This most likely broke something on .com (whether they know about it yet or not) and in some plugins that mess directly with term caches. But it's not just that.

First, the pedantic stuff I've previously covered: We cannot change the group names like this. If we could, we could have abandoned 'post_tag', 'category', and $taxonomy a long time ago. We can likely change $taxonomy to "taxonomy-$taxonomy" or just 'taxonomy' or 'term' (proposed either here or elsewhere).

(I wrote two years ago on this ticket: "we'll need to keep the standard category, post_tag, and link_category buckets, but we should be able to get away with prefixing the buckets of any custom taxonomy.")

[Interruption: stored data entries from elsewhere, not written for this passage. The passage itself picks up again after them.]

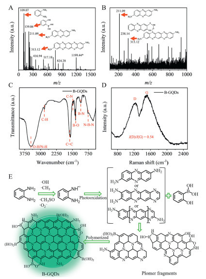 | Fig. 2. (A) MS of B-GQDs. (B) Secondary MS of ion peak with m/z of 1199.44. (C) FT-IR spectrum of B-GQDs. (D) Raman spectrum of B-GQDs. (E) Path diagram of photocatalytic synthesis of B-GQDs. | |
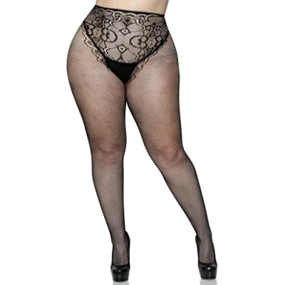 Leg Avenue Fishnet Tights with Backseam, 1X 2X (Black)
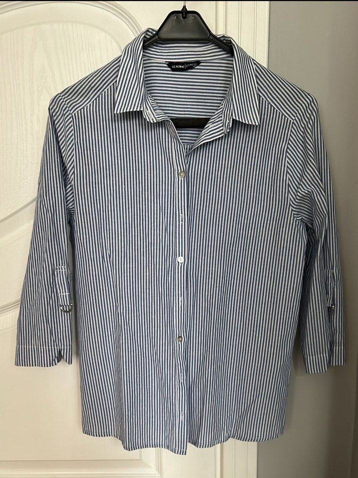 mavi beyaz çizgili gömlek. az kullanıldı. defosuz, temiz önü kapalı şekilde eni 48 cm boyu 60 cm. kol boyu 44 cm katlanabilir kol detayı var.
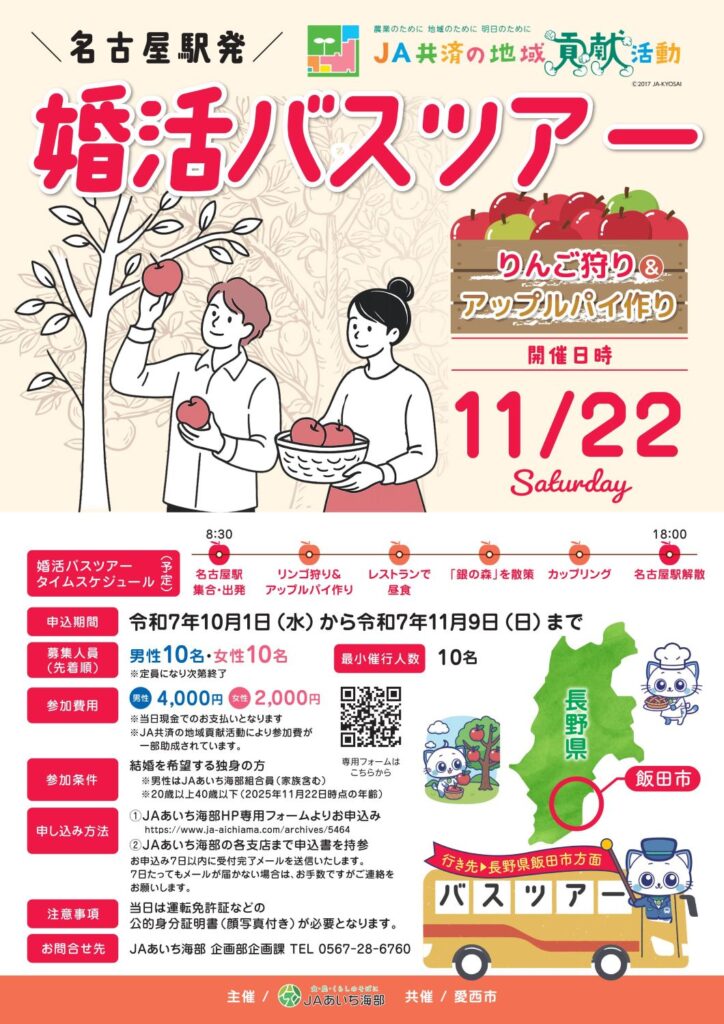 参加条件 | 結婚を希望する独身の方 ※男性はJAあいち海部組合員(家族含む) ※20歳以上40歳以下(2025年11月22日時点の年齢) ※定員になり次第締め切り(先着順) |
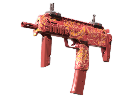 Versatile but expensive, the German-made MP7 SMG is the perfect choice for high-impact close-range combat. A red and orange paisley pattern has been applied.
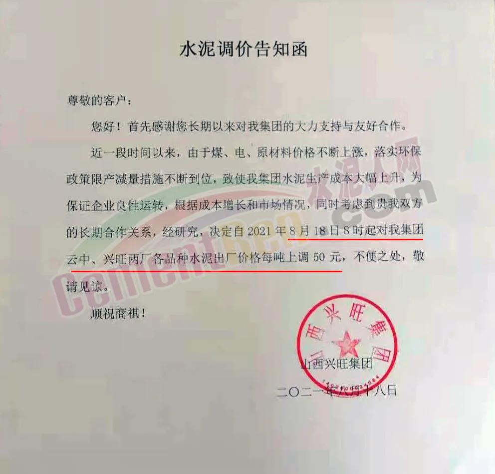 山西興旺集團(tuán)通知稱,近一段時(shí)間以來(lái),由于煤、電、原材料價(jià)格不斷上漲,落實(shí)環(huán)保政策限產(chǎn)減量措施不斷到位,致使企業(yè)水泥生產(chǎn)成本大幅上升,為保證企業(yè)良性運(yùn)轉(zhuǎn),根據(jù)成本增長(zhǎng)和市場(chǎng)情況,經(jīng)研究決定自2021年8月18日8時(shí)起對(duì)集團(tuán)云中、興旺兩廠各品種水泥出廠價(jià)格上調(diào)50元/噸。
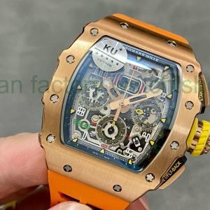 KU Factory Richard Mille RM11-03 44.5mm Rose Gold Orange Rubber Strap Skeletonized Dial
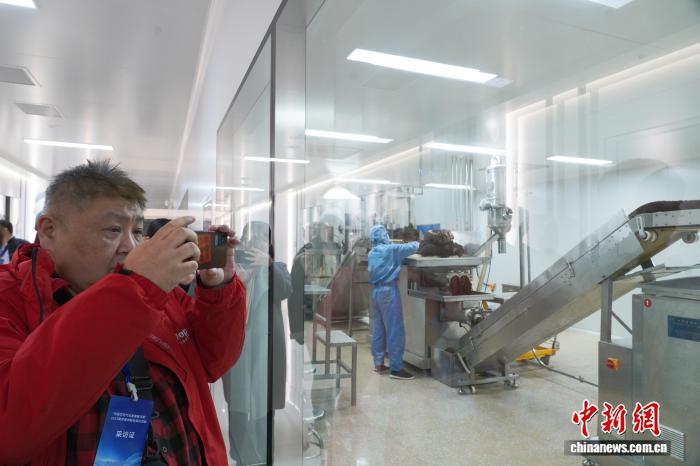 10月20日,“中国式现代化发展看河南”2025两岸媒体联合采访团走进河南南阳西峡县,数十位两岸媒体人探访仲景宛西制药股份有限公司,实地参观中药提取车间和智能化生产线,了解现代化生产工艺与传统中医药文化的融合创新。图为采访团成员了解当地食品产业的原材料。 王佳宁 摄
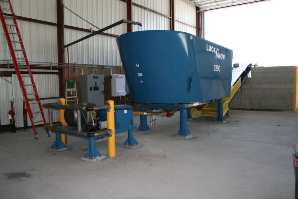Single screw vertical mixers in a stationary version with capacities of 210 or 320 cubic feet.
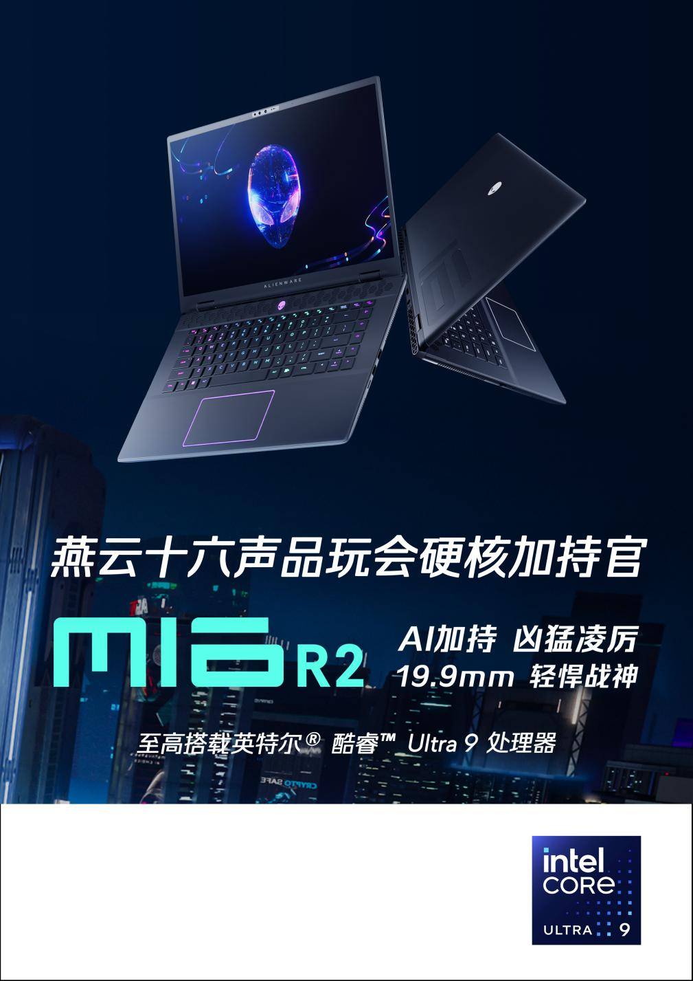 ALIENWARE m16 R2,至高搭载英特尔® 酷睿™ Ultra 9处理器的5.1GHz睿频频率,为玩家在虚拟江湖中的每一次战斗提供超凡性能。Fn+F1高性能模式,一键释放CPU和GPU的全部潜力,为玩家在虚拟江湖中的每一次挑战提供强劲动力,Cryo-Tech™散热架构,配备2高速风扇,确保设备在高负荷运行下依然稳定。
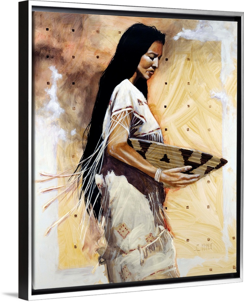<p>Contemporary western theme painting of a traditionally dressed native American woman.</p>

Here's how I would expect last_changed to be used:

  • The term 1, name Apple, slug apple, is saved.
  • A term object is cached with key = 1, value = object, group = 'term' (or similar)
  • A term slug is cached with key = apple, value = 1 (ID), group = 'termslugs' (or similar)
  • A term name is cached with key = 'Apple', value = 1 (ID), group = 'termnames' (or similar)
  • The key last_changed for the group 'term' is set to "0.51245500 1418627718" (microtime())
  • get_terms() caches its queries. When doing so, it includes the value of last_changed in its cache key

Later, this term is updated:

  • The caches for 1 (group term), apple (group termslugs), Apple (group termnames) are deleted
  • The new object, slug, and name are set into cache
  • last_changed is bumped, and get_terms()'s cache is invalidated

As it stands now, whenever any term is edited, every term's cache gets completely wiped out. That seems like it's worse than it was previously. What am I missing?

Additionally, what's in trunk now actually makes a lot of code redundant or useless. What's the point of wp_cache_delete($term->term_id, $term->taxonomy); when that's no longer the name of the group, and any change invalidates everything everywhere? Does clean_term_cache() even work anymore? It doesn't look like it does. That's a problem and it's going to break things.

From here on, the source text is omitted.